Public perspectives on the donation and sharing of genomic and health information: findings of a global study

Richard gave this talk to during the webinar series "Digital Health", a part of the 4th annual meeting of the ÖPPM, Österreichische Plattform Für Personalisierte Meizin in Austria
24th November 2020

Event description (from the event website):

The 4th Annual Meeting of the ÖPPM 2020 will be guided by the main topic “Digitalization in Personalized Medicine”. For obvious reasons, this year’s conference will be held online and we kindly invite you to join us and actively engage in our interactive program. A string of webinars will build the backbone featuring international and national keynotes on societal and technological aspects. Moderated discussions following the lectures will pose ample opportunity for a digital dialogue and allow the generation of sustainable ressources for our webpage.

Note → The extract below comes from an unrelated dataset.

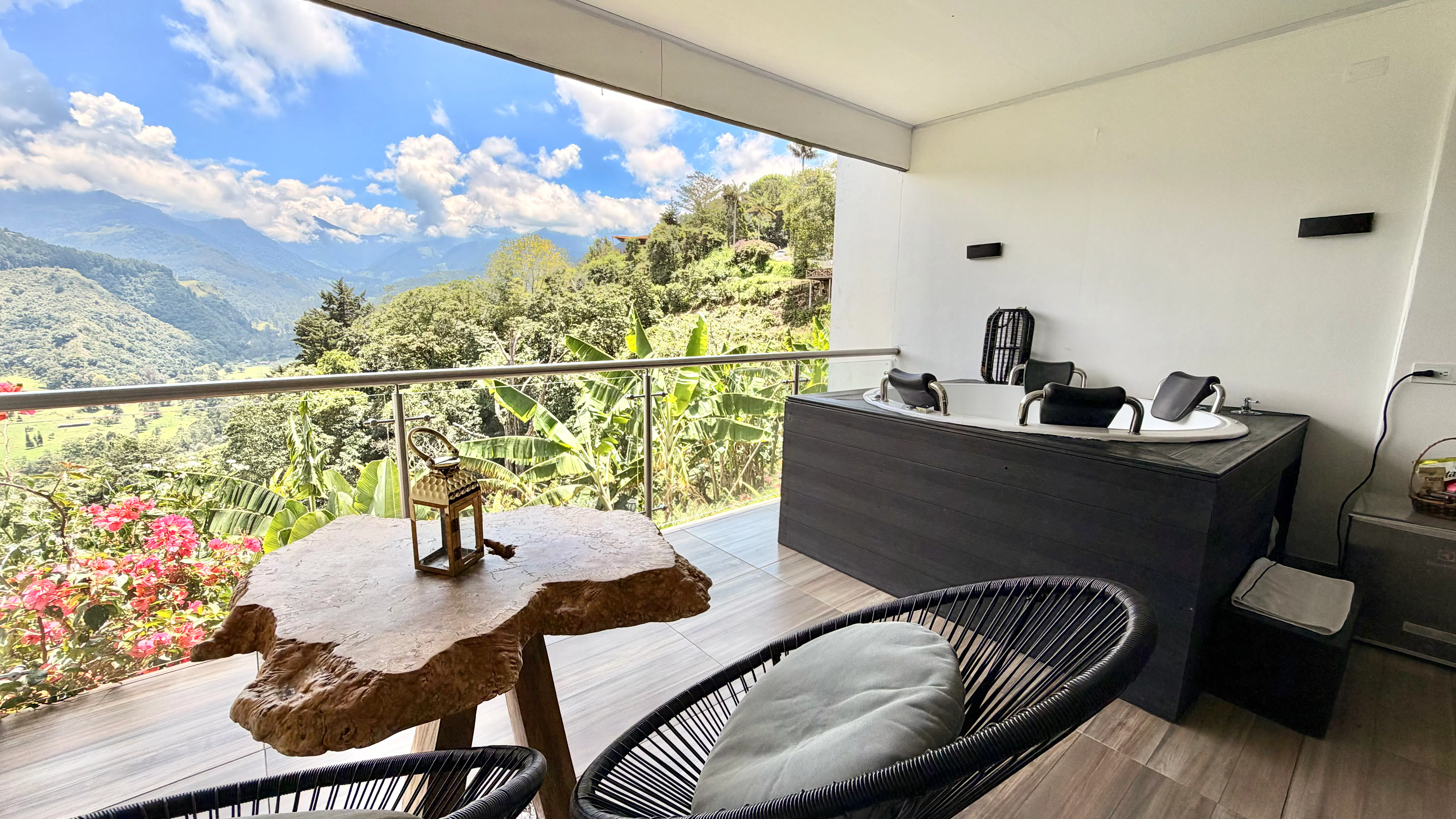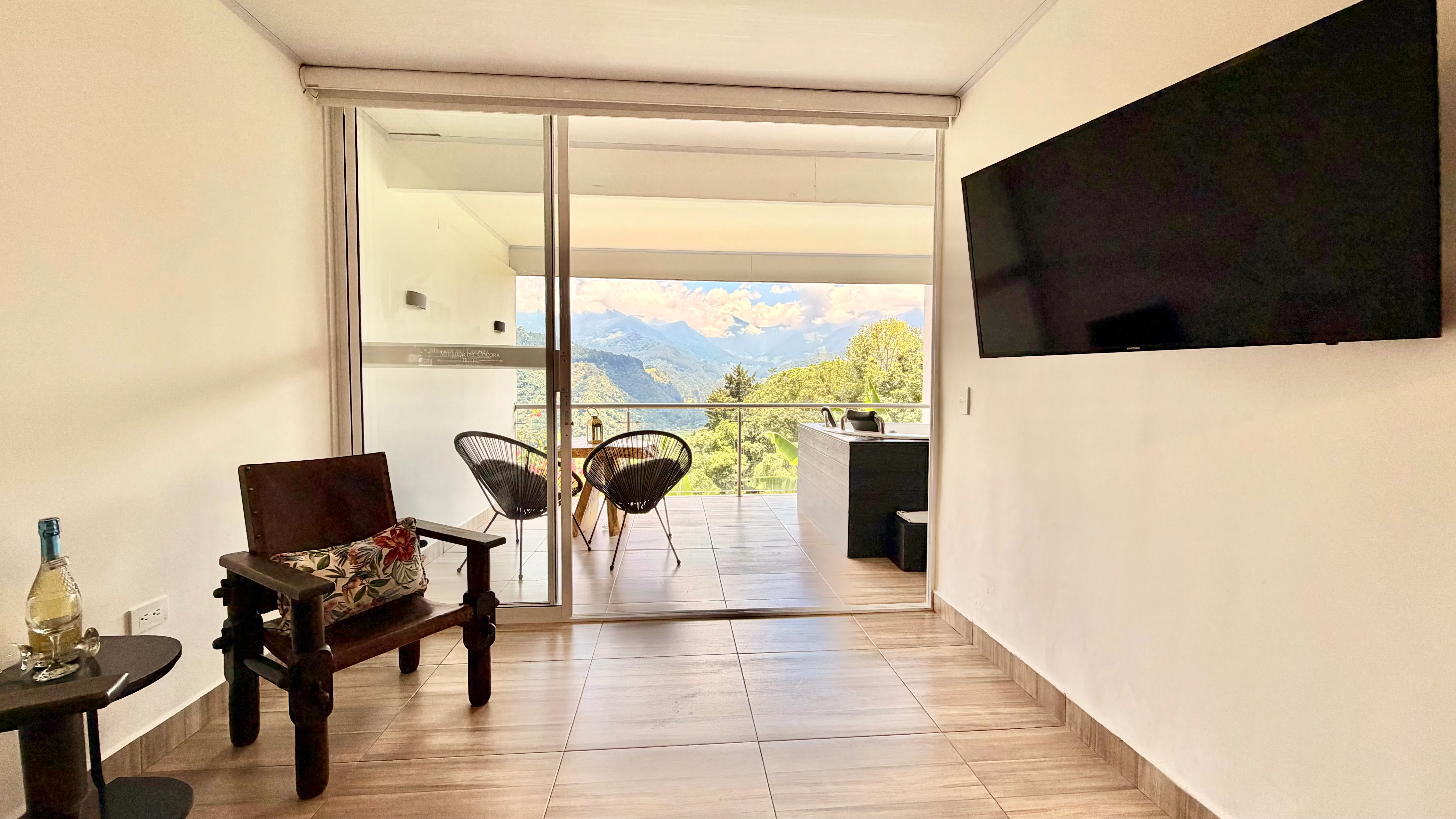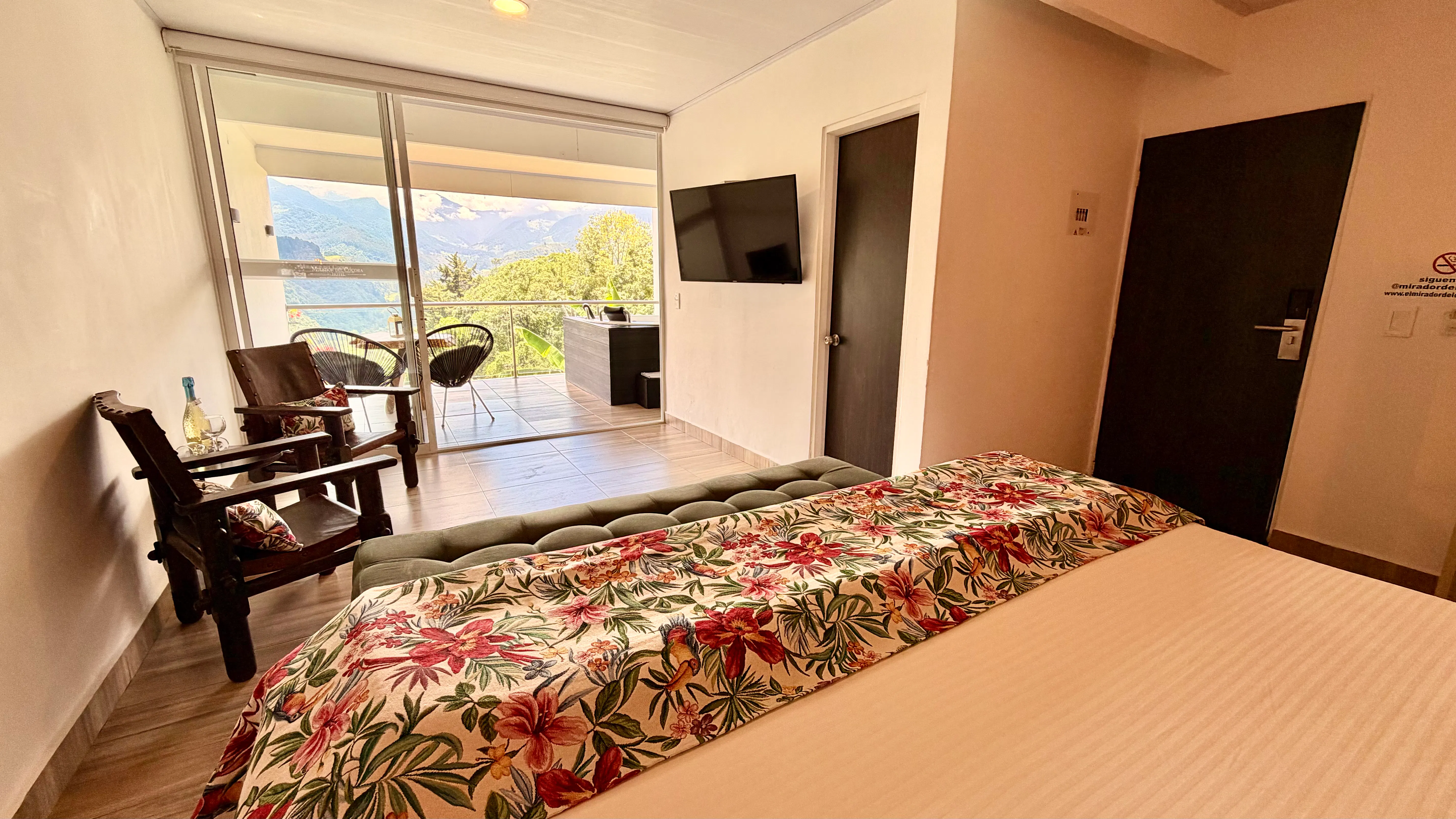 El Hotel Mirador del Cocora, el más exclusivo de los Hoteles en Salento, se complace en presentar esta hermosa habitación llamada "Balcón de Valle. Es una Habitación Junior Suite recienteme construida, cuenta con balcón privado con Jacuzzi para que disfrutes del aire puro y de las mejores vistas del Valle de Cocora.

With the “ÖPPM Poster Challenge 2020” we invite students in e-health and IT related areas to share insights into relevant aspects of their work in context of Personalized Medicine.

To continue the tradition of a public ÖPPM event part, we will publish a video series of expert statements with ÖPPM members (language: German) and will roll out our new e-learning tool entitled “Personalisierte Medizin – Medizin der Zukunft?”. This online tool was designed and developed in a collaboration of Open Science – Life Science in Dialogue with the ÖPPM to address particularly high school students, but also other interested parties such as patients or their relatives.

Talk synopsis (from the event website):

In this talk, I discuss the importance of public and patient perspectives in the development of genomic medicine, and present the findings of the Your DNA, Your Say study. Your DNA, Your Say is a survey of public attitudes towards the donation and sharing of genomic and health data, including 37,000 responses in 15 languages across 22 countries. I present the findings of the study in relation to people’s willingness to donate data about them for clinical and research use, and examine how this is influenced by their familiarity with genetics, their views of genetic information and their trust in those responsible for collecting and managing data.

About me:
Dr. Richard Milne (Wellcome Genome Campus)
I am a social scientist based in the Society and Ethics Research group at the Wellcome Genome Campus, where I lead on the analysis of the Your DNA, Your Say study, and conduct research on social and ethical questions associated with the collection and use of biodata, and the development of tools for the early detection of common disease. I also co-lead work on Ethical, Legal and Social Implications within the University of Cambridge Public Health initiative.

The talk and the discussion are chaired by Univ. Mag.a Barbara Prainsack (Department of Political Science, Vienna, Austria)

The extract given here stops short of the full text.